If there’s one negative subject that always comes up at parent-teacher conferences at Laurel’s schools — which are usually lighthearted hour-long lovefests about cognitive development and socialization and caring about her classmates — it’s about how she deals with frustration.  Like a lot of bright kids (e.g., say, both her parents) she loves when things come naturally.  Things that don’t can be tough to approach.  It’s something you contemplate a lot in the abstract as a parent – you want things not to come too easily, because kids need to learn to struggle, manage disappointment, persevere, etc.  Despite which you also feel good seeing things come readily because, well, just look at my smart/capable/athletic/etc child and this thing she can do.  Beth and I had our own issues with doing hard things as children — I tended to avoid anything that didn’t come naturally and missed a lot of learning opportunities, plus making learning to struggle with difficulty harder later on.

Laurel and I ride together on my bike a lot – she has a seat in front of me, which has really worked well — it’s safe, you can talk to each other the whole time, it’s in easy hugging reach, everyone fawns over you on the street (she’s also outgrowing it, and there’s no way whatever follows it will win me the same smoldering looks from San Francisco’s population of available elderly women.)  She’s had a balance bike of her own for a while too, which has helped her learn balance – though it’s not practical on SF’s hills, and sees most of its mileage riding around in circles in our garage (sometimes with the lights off, the bike lights all set to flashing mode, and Giorgio Moroder playing on the stereo.)

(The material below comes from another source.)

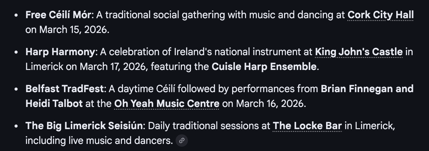 St. Paddy’s Day is happening next Tuesday and there are several places to celebrate. You can start with searching Eventbrite for things local to you. Here are some tips in general and for Dublin, Ireland. Here are some recommendations for Cork. Limerick has two options at King John’s Castle and also the Locke Bar. Northern Ireland also takes part with Belfast at the Oh Yeah Music Center.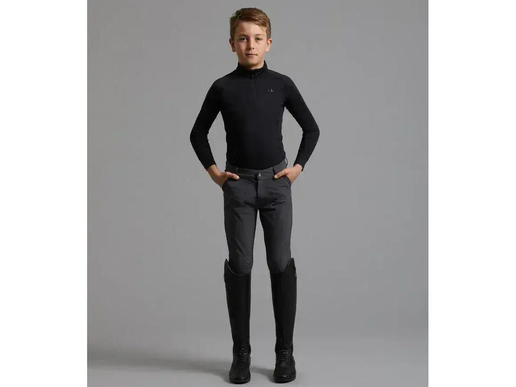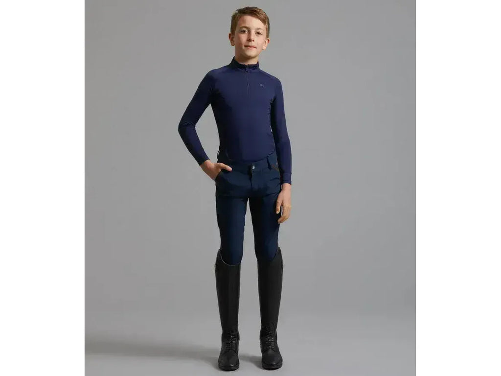 Practical and stylish boys riding breeches featuring a gel knee patch for pivotal grip.

So this weekend we got her her first real bike.  And so today she and I went out, prepared for an epochal bout of frustration management.  I’d done a ton of management of expectations, warning her that falling down was to be expected, that she’d have to take calming breaths and try lots of times — she knows all that by heart but applying it in the heat of the moment is tougher.  She brought a stuffed animal “to snuggle after I fall down, so I can try again.”

In the actual event, little progress was made on the frustration-management front because this turned out to be an easy one.  Half an hour of trying, and she had it.  Most of the half hour was actually convincing her it was okay for me to let go.  Not a single fall other than steering into walls trying to read signs posted on them and the usual starting/stopping learning curve.

Well, okay.  She didn’t learn to ride the emotional roller coaster.  But she learned to ride a bike.  Independent of wanting her to learn to struggle for her goals, I did actually want her to learn that.  For the moment, I’ll take it.  I’ll even leave the post-processing on this photo in gratuitous Thomas Kinkade-esque mode for the occasion.